# Trailer - bed Liner



## JRHOADES20 (Jul 10, 2010)

So has anyone used bed liner on their trailer instead of paint? I've seen on this forum some people mention the self spray bed liner for inside of their boats, but I was curious if anyone used on their trailer. If so does anyone have pictures of how it looks?


----------



## bassboy1 (Jul 12, 2010)

I believe Brine did on his Rhyan Craft. Take a look up in the boat mods section. The project is near the top or middle of the first page at the moment.


----------



## Brine (Jul 12, 2010)

Yep, I wouldn't hesitate to do it again. Ace Hardware had it for the least amount of money. $74.99 as I recall.


----------



## JRHOADES20 (Jul 12, 2010)

Brine said:


> Yep, I wouldn't hesitate to do it again. Ace Hardware had it for the least amount of money. $74.99 as I recall.

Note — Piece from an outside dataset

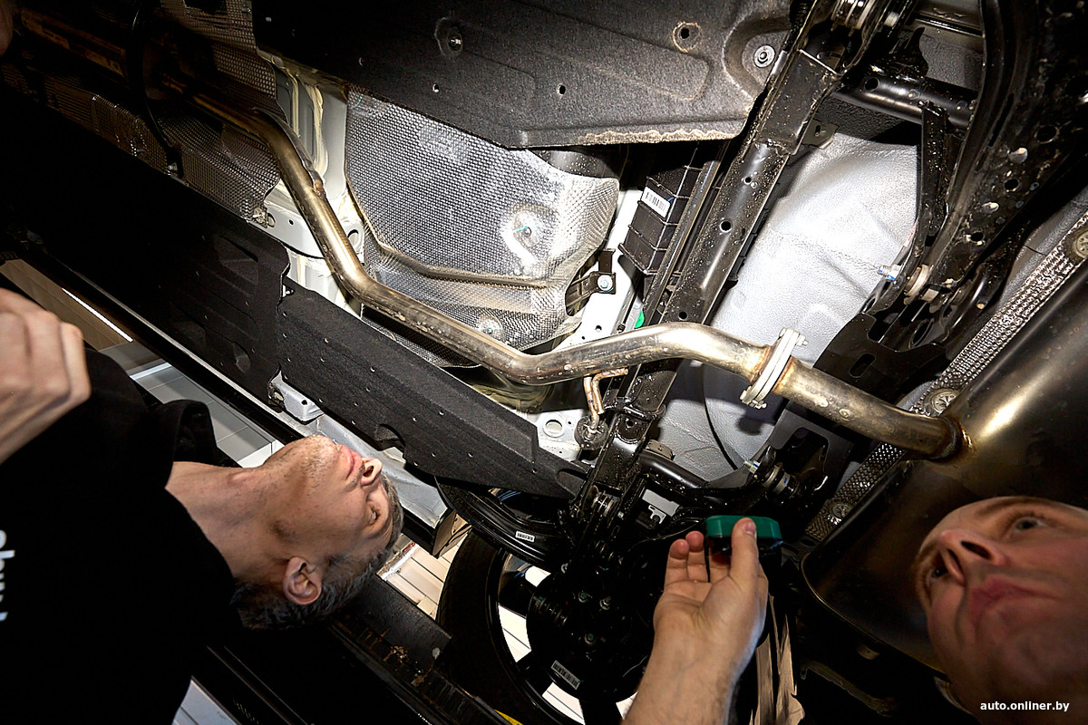 На подъемнике можно увидеть, что днище частично прикрыто щитками, однако некоторые участки остаются открытыми, далеко не все места прикрыты пластизолем, так что дополнительный антикор не помешает. Топливный бак закрыт отдельным термоэкраном.
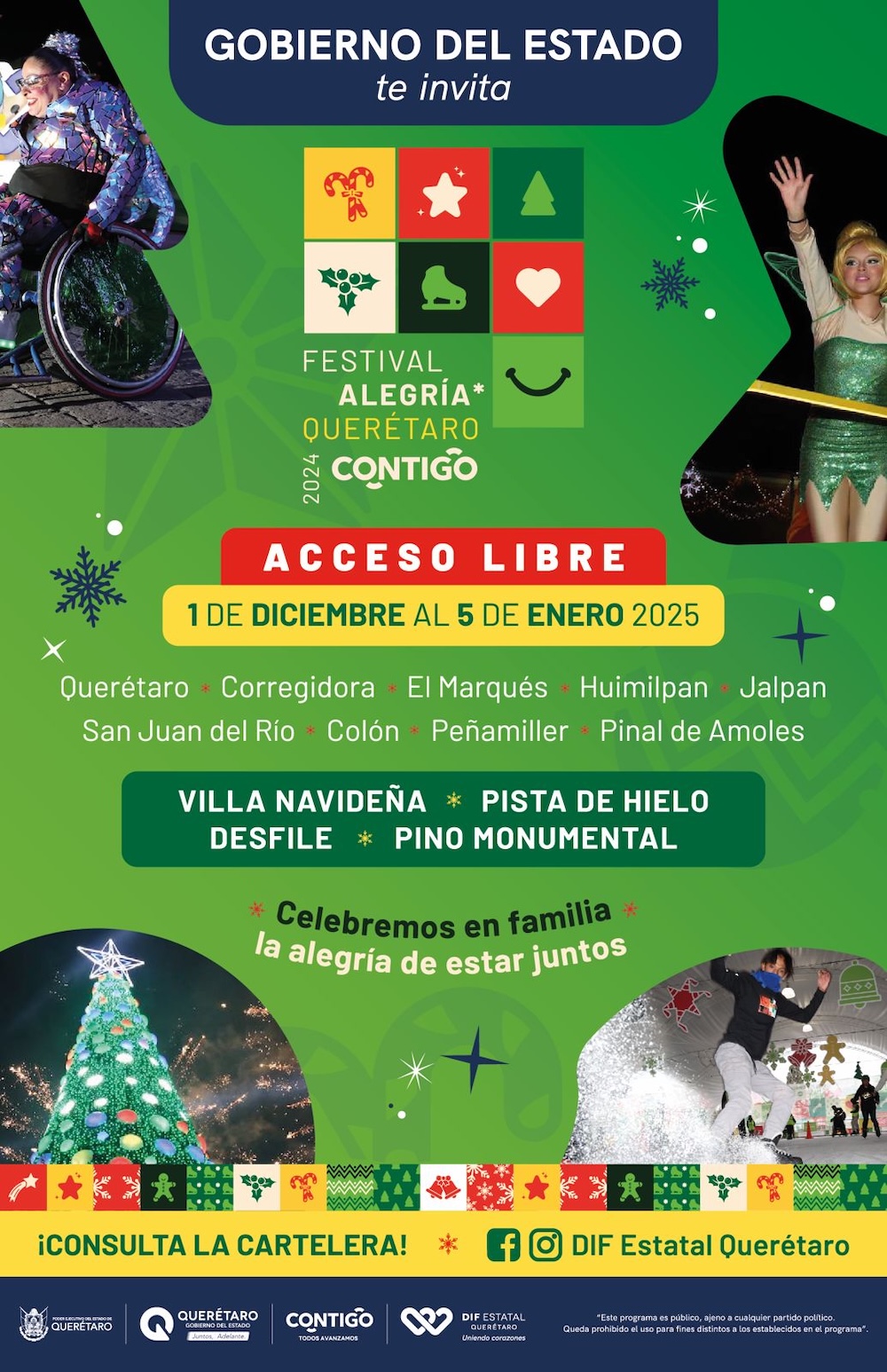 El evento principal será el Mega Desfile Alegría Querétaro Contigo 2024, que se llevará a cabo el próximo 20 de diciembre a partir de las 19:00 horas. Este desfile recorrerá toda la calle Fray Eulalio Hernández Rivera, mejor conocida como avenida Rivera del Río, en El Pueblito, hasta la Plaza Gran Cué, con una impresionante exhibición de 18 carros alegóricos, más de 150 artistas y un espectáculo de pirotecnia que iluminará la ciudad. Se espera la asistencia de más de 8 mil personas para disfrutar de esta muestra de color, música y magia navideña.

Any chipping or issues with it?? I think I like the black glossy look better, but I dont want to waiste my time and it just get chipped up and have to keep repainting it. Did you do the inside of your fender wells as well? Thanks for the info.


----------



## Brine (Jul 12, 2010)

I didn't stay glossy, and I haven't put enough miles on the trailer to tell you how it will hold up. I did every square inch of the trailer. I can't see how any paint would be more scratch resistant than Herculiner, but I'm no coatings expert either.


----------



## JRHOADES20 (Jul 12, 2010)

Brine said:


> I didn't stay glossy, and I haven't put enough miles on the trailer to tell you how it will hold up. I did every square inch of the trailer. I can't see how any paint would be more scratch resistant than Herculiner, but I'm no coatings expert either.



Thanks Brine, when I said glossy i was refering to Rustoleum or some other Semi Gloss paint. I know that Herculiner wont be glossy. I will have to think about it, I am sure it has to be better on durability than paint. Thanks for the feedback.


----------